Les affinités électives d’Elisabet Chabuel (Beckett, Duras, Celan, Pasolini, Georgia O Keeffe, Etel Adnan, Pina Bausch, etc.) permettent de comprendre la force de sa recherche littéraire. Elle creuse des mystères, éclaire certaines folies en des textes portés par une sourde douleur et un ébahissement devant ce qu’elle peut engendrer.
Nourrie de légendes balkaniques ou des grandes peurs de la montagne, la créatrice souligne la cruauté de nature érotique face à un « ordre » où, derrière la raison, surgissent des forces aberrantes et souterraines, tragiques et hélas ! obstinées, monstrueuses. Il existe dans une telle œuvre une frénésie et une violence mais elle est toujours contrôlée, condensée afin de devenir plus prégnante et poétique où « le désir s’épanouit comme un chagrin / A travers la tissure de son voile ».
De l’auteure : La légende de la belle Justine, Editions l’Imprévue, 2018, 61 p. — 15,00 €.
Entretien :
Qu’est-ce qui vous fait lever le matin ?
L’odeur du café.
Que sont devenus vos rêves d’enfant ?
Beaucoup sont partis en fumée. Quelques-uns restent à réaliser…
A quoi avez-vous renoncé ?
À devenir vétérinaire ou à sauter en parachute.
D’où venez-vous ?
Du Vercors et des Balkans.
Qu’avez-vous reçu en dot ?
Des histoires.
Un petit plaisir — quotidien ou non ?
Aller au café et écouter les gens.
Qu’est-ce qui vous distingue des autres artistes?
Le doute peut-être.
Comment définiriez-vous votre approche des “légendes” ?
En permettant d’allier magie et réel sans a priori, le registre de « la légende » me donne la possibilité de parler de la violence du monde, de façon imagée, sans la dire tout à fait tout en la disant crûment.
Certaines légendes sont tellement ancrées dans ma mémoire qu’elles font partie de ma propre expérience.
Quelle est la première image qui vous interpella ?
Les deux pieds de Jésus cloués avec un seul clou.
Et votre première lecture ?
« Jane Eyre ».
Quelles musiques écoutez-vous ?
Le boléro de Ravel, The Köln concert, Ibrahim Maalouf, Le Trio Joubran…
Quel est le livre que vous aimez relire ?
« Cap au pire » de Beckett.
Quel film vous fait pleurer ?
« L’Éternité » et « Un jour » de Théo Angélopoulos.
Quand vous vous regardez dans un miroir qui voyez-vous ?
Je vois le temps : simultanément le visage de ma grand-mère et de mes tantes, celui de ma mère, le mien, celui de ma sœur, et celui de mes filles.
A qui n’avez-vous jamais osé écrire ?
À Christiane Taubira.
Quel(le) ville ou lieu a pour vous valeur de mythe ?
Berlin.
Quels sont les artistes et écrivains dont vous vous sentez le plus proche ?
Beckett, Duras, Celan, Pasolini, Sebald, Paul Klee, Chagall, Georgia O Keeffe, Alejandra Pizarnik, Etel Adnan, Pina Bausch, Mathieu Riboulet, Yannick Haenel, …
Qu’aimeriez-vous recevoir pour votre anniversaire ?
Un bouquet de fleurs.
Que défendez-vous ?
L’espoir, la liberté individuelle, l’égalité des chances.
Que vous inspire la phrase de Lacan : “L’Amour c’est donner quelque chose qu’on n’a pas à quelqu’un qui n’en veut pas”?
Cette phrase ne me parle pas beaucoup.
Pour m„i l’amour c’est quelque chose qui peut tout changer d’un coup, le regard qu’on porte sur l’autre, sur soi-même, sur les choses, sur les autres et sur le monde.
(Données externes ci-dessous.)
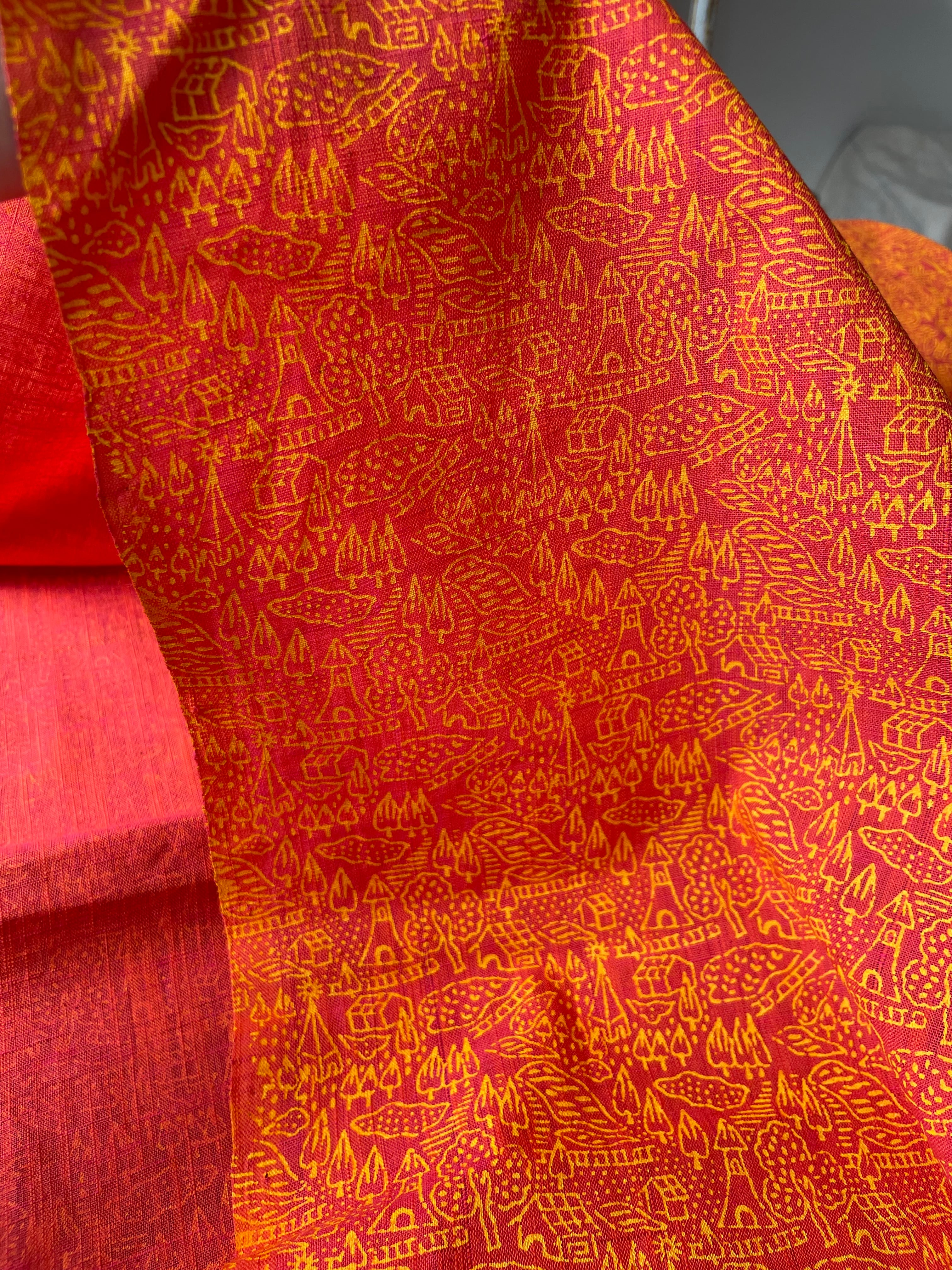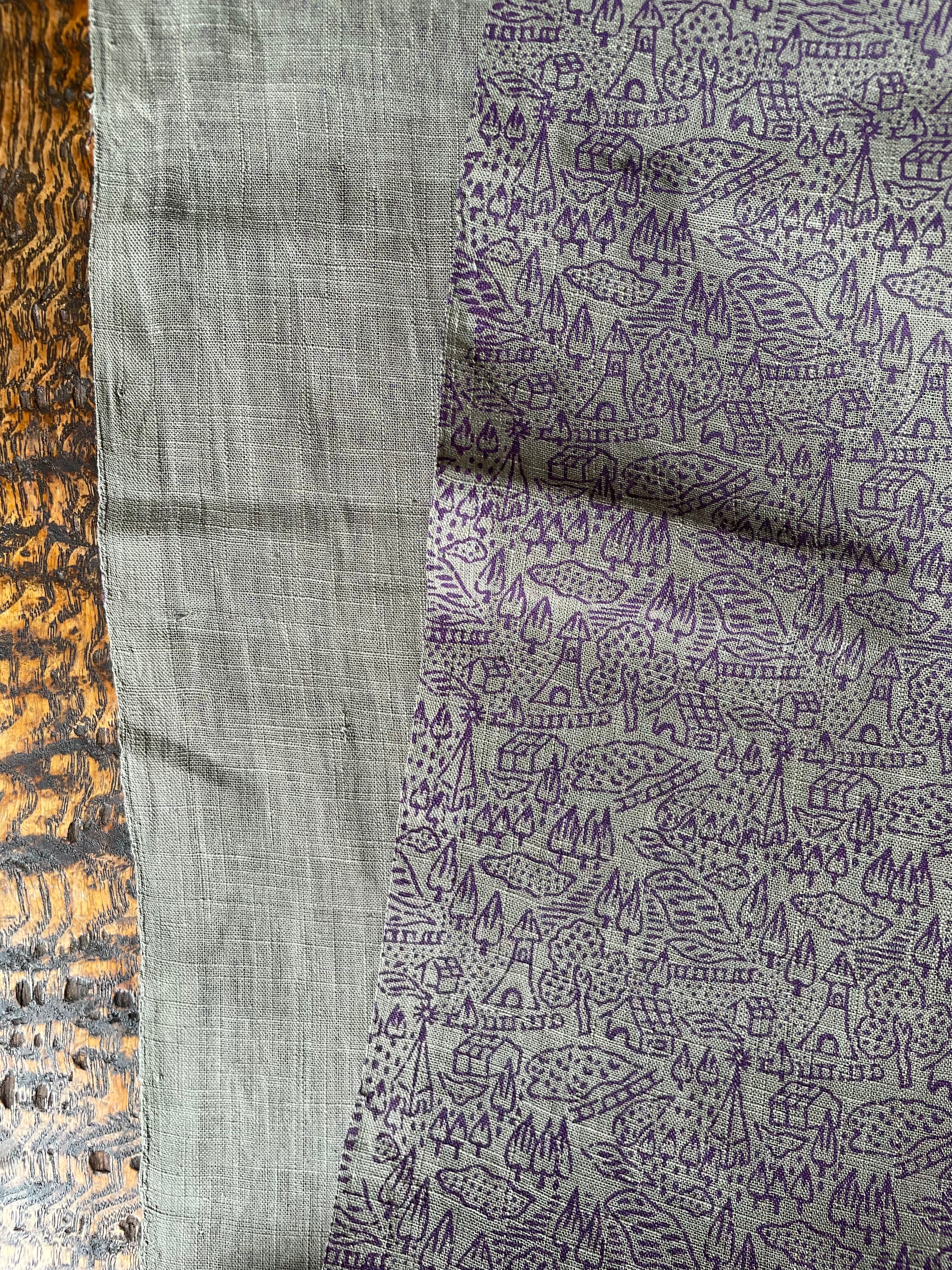 職人さんの手で彫られた木版を使って、ハンドプリントで作られています。色により違う木版を使い、色の数だけ重ねてゆきます。版と版のつながりに、ズレや重なりが生じますが、ブロックプリントの特徴であり、魅力でもあります。
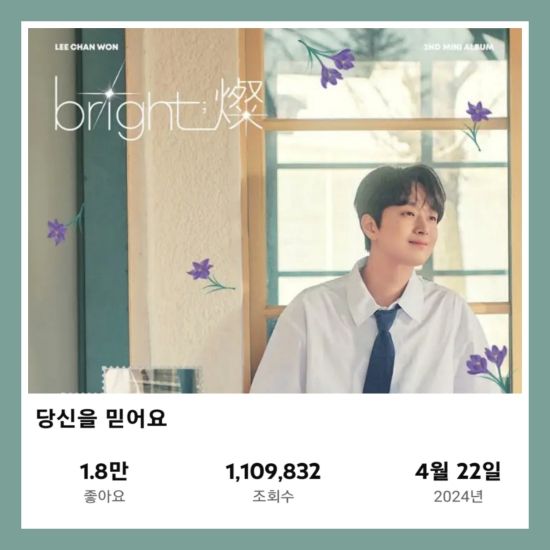 지난 4월 22일 이찬원의 공식 유튜브 채널(일명 또튜브)에는 그의 두 번째 미니앨범 'bright;燦'의 3번 트랙 '당신을 믿어요'가 게재됐다.

Tout d’un coup, on s’éveille et tout devient possible…
Que pensez-vous de celle de W. Allen : “La réponse est oui mais quelle était la question ?“
J’aime bien cette phrase. Elle sous-entend une confiance absolue dans celui qui pose la question.
Quelle question ai-je oublié de vous poser ?
Peut-être une question sur la mort…
Ou plutôt sur l’avenir lointain, la survie ou la transmission…
Entretien et présentation réalisés par jean-paul gavard-perret pour lelitteraire.com, le 26 février 2018.